A Coast Guard Air Station Detroit aircrew was directed to launch aboard an MH-65C Dolphin rescue helicopter. Arriving on scene at 6:21 a.m., the aircraft’s rescue swimmer was lowered to the raft and both men were airlifted into the helicopter.

They were taken to Chatham Airport, where they were turned over to awaiting EMS.

“This case is just a perfect example of our bi-national collaboration and cooperation with our Canadian partners,” said Capt. Stephen Torpey, chief of response for the 9th Coast Guard District.
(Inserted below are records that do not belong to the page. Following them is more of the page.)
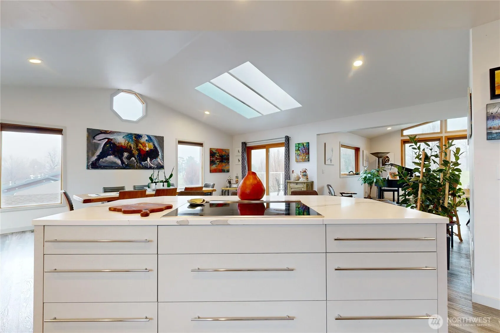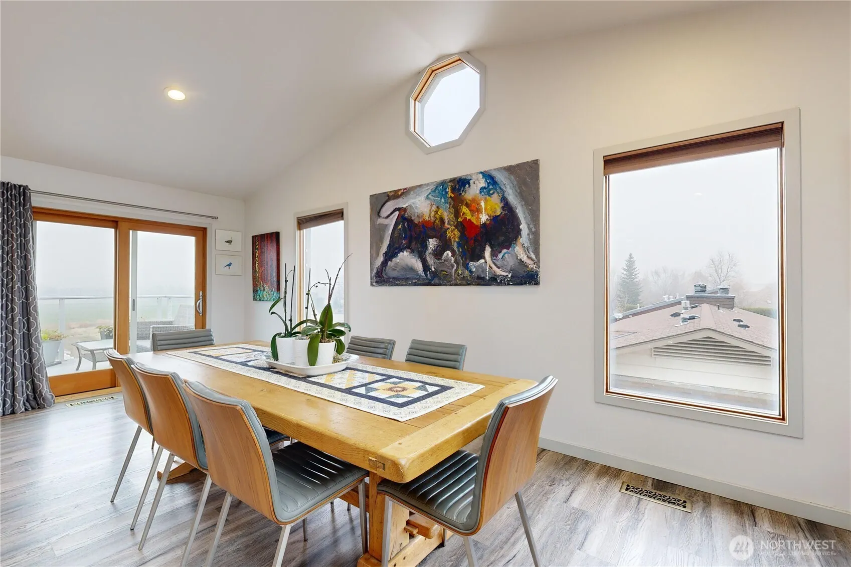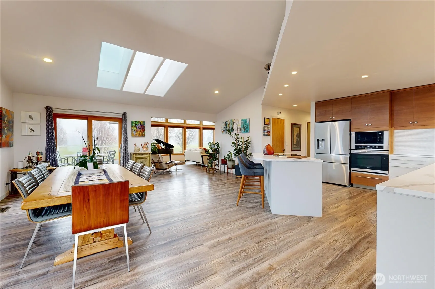 Set along the 14th fairway in a quiet cul-de-sac with minimal traffic, this remodeled home offers an open layout filled with natural light, vaulted ceilings, skylights, and a wall of windows framing golf course views. The main level opens into a spacious, connected living and dining area centered around an island kitchen, all oriented toward the views and outdoor access. The primary suite includes dual closets and a full bath with double sinks, soaking tub, and separate shower. Two additional bedrooms and a full bath complete the main floor. The daylight basement is well suited for extended living, multi-generational use, or guests, accessed by a walnut staircase that adds warmth and character. Highly versatile, it offers a large rec room with private exterior access, an additional room for office or media, a bedroom with egress window, a full bath with shower and sauna, a spacious laundry with folding aera, a bonus room ideal for wine or food storage, and a generous utility room with storage space. Outdoor living is designed with two decks: a west-facing deck to take in stunning sunsets and an east-facing deck to enjoy morning coffee overlooking the golf course. The landscaped, oversized backyard includes a retaining wall, patio, garden beds, and is fully fenced with two access gates. A 3-door garage with work area, plus a separate golf cart garage for additional storage. No HOA, offering more freedom and flexibility. Minutes to amenities, shopping, dining, and downtown.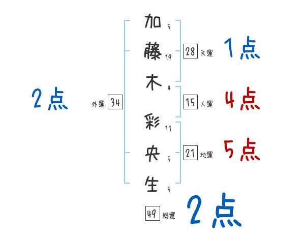 天運![]() | 加藤木彩央生さんの天運は28画の1つ星!家庭環境に注意。スポーツで活躍できる能力があるかも。 家系が持つ宿命的な運勢を表します。祖先から受け継いだ苗字ですので自分の力が及びません。家柄を象徴します。 |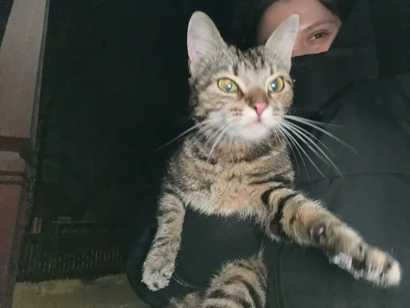 вчера вечером пришла к нашему дому. Очень плакала, запустила ее на ночь погреться и покормила. Видно по ней что социализированная и любвеобильная. Ручная. Темная в полоску. Очень красивая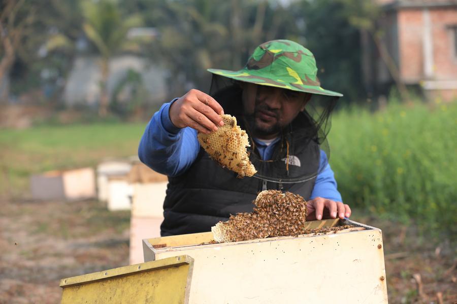 Beekeepers holding honeycombs are pictured in a field in Munshiganj, Bangladesh, Jan. 11, 2026. (Photo by Habibur Rahman/Xinhua)A beekeeper extracts a fraction of a honeycomb in a field in Munshiganj, Bangladesh, Jan. 11, 2026. (Photo by Habibur Rahman/Xinhua)A beekeeper is about to extract honeycombs in a field in Munshiganj, Bangladesh, Jan. 11, 2026. (Photo by Habibur Rahman/Xinhua)A beekeeper displays a fraction of a honeycomb in a field in Munshiganj, Bangladesh, Jan. 11, 2026. (Photo by Habibur Rahman/Xinhua)■
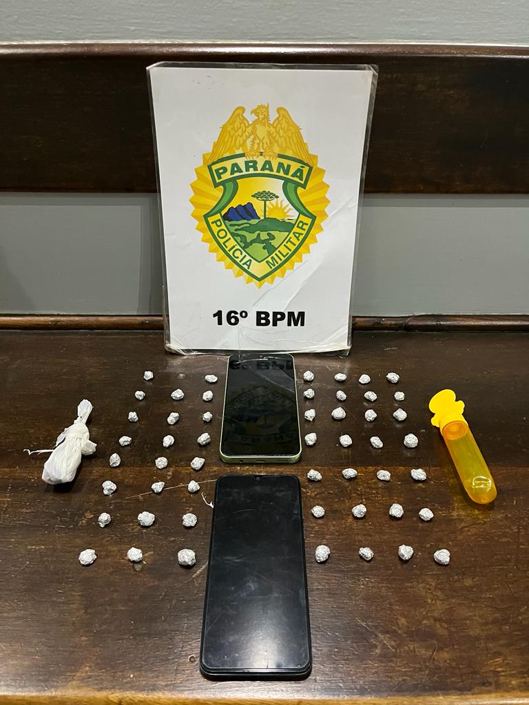 A jovem de 17 anos, identificada, foi abordada com um celular, e ao verificar a sacola que havia descartado, foram encontrados 23 envólucros de substância análoga a crack, totalizando 6,3 gramas.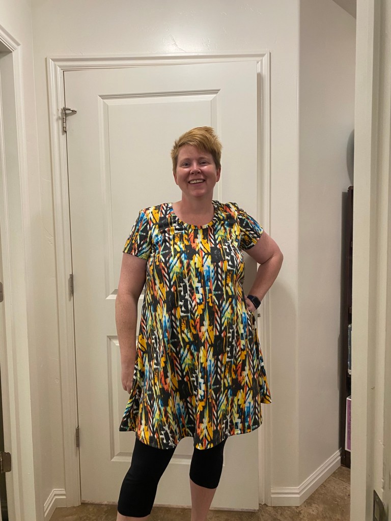 And I made a dress out of this fabric that I bought 9 years ago. so fun. This is the Laundry Day Tee pattern from Love Notions

“Working together, the Canadian Coast Guard, U.S. Coast Guard, and Ontario Provincial Police were able to put the right emergency response asset, complete with a crew with the right capabilities, at the scene, which allowed us to successfully reach these boys and get them home.”

With unusually warm temperatures this winter in the Great Lakes region, people who plan to recreate on or near the water should monitor the weather and ensure they have all the recommended safety gear.  When venturing out, a person should think I.C.E. as a precaution:

Intelligence — know the weather and ice conditions, know where you are going, and know how to call for help. Never go out alone.

Clothing — have the proper clothing to prevent hypothermia. Wear a waterproof exposure suit and a life preserver.

Equipment — have the proper equipment. Carry two ice picks or screwdrivers, in case you fall in. Use these items to dig into the ice and pull yourself out. They are more effective than bare hands! Carry a whistle or noise maker to alert people that you are in distress. Carry a cellular phone or marine band radio in a waterproof container so that you can call for help if you come across trouble.